--- Input records ---
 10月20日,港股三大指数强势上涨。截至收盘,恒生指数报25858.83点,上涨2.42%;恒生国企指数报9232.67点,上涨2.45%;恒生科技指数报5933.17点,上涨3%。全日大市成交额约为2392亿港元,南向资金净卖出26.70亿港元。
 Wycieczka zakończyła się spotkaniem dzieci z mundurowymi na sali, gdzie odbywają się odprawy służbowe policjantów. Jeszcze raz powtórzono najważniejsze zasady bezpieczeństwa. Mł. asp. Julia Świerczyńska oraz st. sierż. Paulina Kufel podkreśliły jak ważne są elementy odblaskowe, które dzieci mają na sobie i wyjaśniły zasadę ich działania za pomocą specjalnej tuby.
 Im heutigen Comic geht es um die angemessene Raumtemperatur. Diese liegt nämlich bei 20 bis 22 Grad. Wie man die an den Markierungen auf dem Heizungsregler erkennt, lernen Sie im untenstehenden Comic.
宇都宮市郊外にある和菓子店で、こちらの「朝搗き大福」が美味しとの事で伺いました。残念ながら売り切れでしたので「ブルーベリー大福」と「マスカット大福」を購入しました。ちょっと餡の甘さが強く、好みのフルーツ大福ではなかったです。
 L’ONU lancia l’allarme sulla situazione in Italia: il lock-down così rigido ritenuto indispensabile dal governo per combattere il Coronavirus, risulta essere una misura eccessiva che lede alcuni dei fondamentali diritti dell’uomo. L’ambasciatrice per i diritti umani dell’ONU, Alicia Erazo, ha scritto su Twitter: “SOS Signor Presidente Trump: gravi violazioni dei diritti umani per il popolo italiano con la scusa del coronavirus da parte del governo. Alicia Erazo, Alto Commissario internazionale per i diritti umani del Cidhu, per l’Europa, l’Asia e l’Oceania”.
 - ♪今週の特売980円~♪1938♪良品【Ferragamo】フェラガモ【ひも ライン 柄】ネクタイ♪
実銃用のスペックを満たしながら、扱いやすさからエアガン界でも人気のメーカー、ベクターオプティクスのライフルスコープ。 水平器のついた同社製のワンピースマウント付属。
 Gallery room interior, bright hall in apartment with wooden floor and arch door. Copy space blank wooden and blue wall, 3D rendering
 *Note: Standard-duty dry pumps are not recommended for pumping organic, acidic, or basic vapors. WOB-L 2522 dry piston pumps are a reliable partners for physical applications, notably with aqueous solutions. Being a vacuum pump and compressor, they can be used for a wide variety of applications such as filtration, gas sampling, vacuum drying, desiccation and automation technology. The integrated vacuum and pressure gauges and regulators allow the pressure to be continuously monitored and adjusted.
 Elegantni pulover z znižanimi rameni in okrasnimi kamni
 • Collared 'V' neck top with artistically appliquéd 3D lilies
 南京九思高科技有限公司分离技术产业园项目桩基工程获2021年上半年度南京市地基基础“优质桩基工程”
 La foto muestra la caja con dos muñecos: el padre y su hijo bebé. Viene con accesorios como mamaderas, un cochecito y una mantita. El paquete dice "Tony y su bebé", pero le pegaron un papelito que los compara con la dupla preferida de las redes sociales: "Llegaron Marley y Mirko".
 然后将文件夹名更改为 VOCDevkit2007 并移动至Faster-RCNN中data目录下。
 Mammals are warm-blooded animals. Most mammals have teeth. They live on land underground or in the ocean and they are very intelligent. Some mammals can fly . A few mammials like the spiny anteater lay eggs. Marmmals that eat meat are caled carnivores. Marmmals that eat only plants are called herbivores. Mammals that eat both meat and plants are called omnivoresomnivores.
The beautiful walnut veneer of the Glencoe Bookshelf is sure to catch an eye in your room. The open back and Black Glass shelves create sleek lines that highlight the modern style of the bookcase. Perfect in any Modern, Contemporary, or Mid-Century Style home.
---
Please quote exactly the lines from the one containing "実銃用のスペックを満たしなが" through the last line of the records above, both included, and nothing else.

実銃用のスペックを満たしながら、扱いやすさからエアガン界でも人気のメーカー、ベクターオプティクスのライフルスコープ。 水平器のついた同社製のワンピースマウント付属。
 Gallery room interior, bright hall in apartment with wooden floor and arch door. Copy space blank wooden and blue wall, 3D rendering
 *Note: Standard-duty dry pumps are not recommended for pumping organic, acidic, or basic vapors. WOB-L 2522 dry piston pumps are a reliable partners for physical applications, notably with aqueous solutions. Being a vacuum pump and compressor, they can be used for a wide variety of applications such as filtration, gas sampling, vacuum drying, desiccation and automation technology. The integrated vacuum and pressure gauges and regulators allow the pressure to be continuously monitored and adjusted.
 Elegantni pulover z znižanimi rameni in okrasnimi kamni
 • Collared 'V' neck top with artistically appliquéd 3D lilies
 南京九思高科技有限公司分离技术产业园项目桩基工程获2021年上半年度南京市地基基础“优质桩基工程”
 La foto muestra la caja con dos muñecos: el padre y su hijo bebé. Viene con accesorios como mamaderas, un cochecito y una mantita. El paquete dice "Tony y su bebé", pero le pegaron un papelito que los compara con la dupla preferida de las redes sociales: "Llegaron Marley y Mirko".
 然后将文件夹名更改为 VOCDevkit2007 并移动至Faster-RCNN中data目录下。
 Mammals are warm-blooded animals. Most mammals have teeth. They live on land underground or in the ocean and they are very intelligent. Some mammals can fly . A few mammials like the spiny anteater lay eggs. Marmmals that eat meat are caled carnivores. Marmmals that eat only plants are called herbivores. Mammals that eat both meat and plants are called omnivoresomnivores.
The beautiful walnut veneer of the Glencoe Bookshelf is sure to catch an eye in your room. The open back and Black Glass shelves create sleek lines that highlight the modern style of the bookcase. Perfect in any Modern, Contemporary, or Mid-Century Style home.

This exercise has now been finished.